Global non-profit alliance Cascale has published Navigating Global Water Regulation: Implications for the Textile and Consumer Goods Sector, examining how intensifying water scarcity and tightening regulation are reshaping the operating environment for the apparel, textile, and wider consumer goods sector.
The apparel and textile industry alone consumes more than 93 billion cubic meters of water each year and generates around 20 per cent of global industrial wastewater, and despite water regulation accelerating globally, with governments tightening controls on water use, wastewater discharge and pollution, the UN has warned that the world has now entered an era of “global water bankruptcy”.
Cascale, formerly known as the Sustainable Apparel Coalition, includes over 300 retailers, brands, manufacturers, governments, academics, and NGO/nonprofit affiliates around the globe, has published the report mapping evolving water policy across key production regions in Asia, EU, and US regions. It connects regulatory developments to operational, financial, and reputational risks, and outlines how companies can strengthen resilience as water becomes a strategic business concern alongside climate and supply chain due diligence.
There is significant regulatory momentum in China and Vietnam, continued but uneven enforcement across other Asian production countries, expanding disclosure requirements in the EU, and regulatory uncertainty in the US. Together, these trends underscore the need for companies to elevate water risk from a site-level issue to a governance and strategy priority.
“Preserving our planet’s freshwater supplies is a top priority: water is life.

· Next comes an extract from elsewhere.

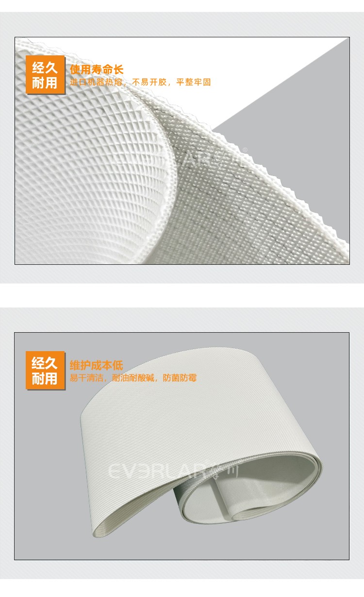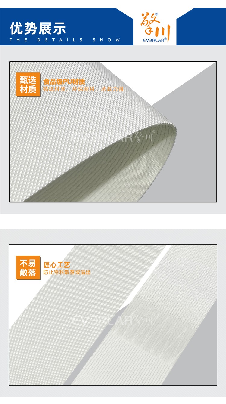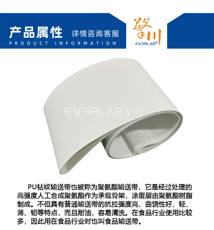 • 產(chǎn)品名稱:食品級白色PU鉆石紋輸送帶耐磨防滑適配餅干生產(chǎn)線包裝機(jī)皮帶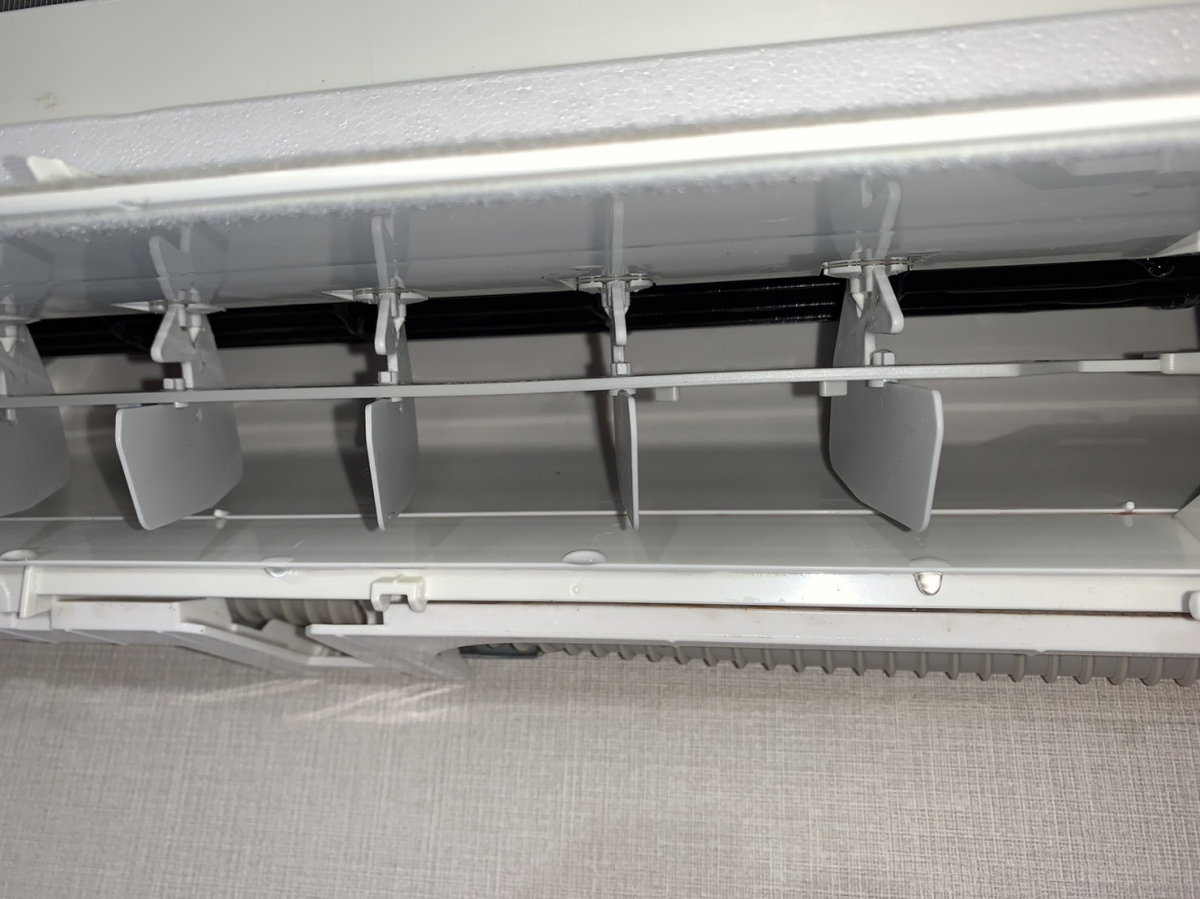 お伺いしてすぐエアコンを確認するとエアコン前面可動パネルが開いたままになっております。

Across the globe, legislators are responding by introducing new regulations, and water is quickly becoming a defining constraint on how and where the industry can operate,” said Elisabeth von Reitzenstein, senior director of policy and public affairs at Cascale. “This analysis is designed to help companies move beyond reacting to individual laws and instead understand the bigger picture. When water risk is integrated into sourcing, governance, and performance management, it becomes possible to protect both business continuity and local communities.”
The report also outlines practical actions companies can take now, including mapping facilities in water-stressed basins, validating wastewater compliance, strengthening supplier data collection, and embedding water considerations into sourcing and contingency planning. These steps are increasingly critical as regulation shifts from focusing on efficiency alone toward source sustainability and foundational environmental performance.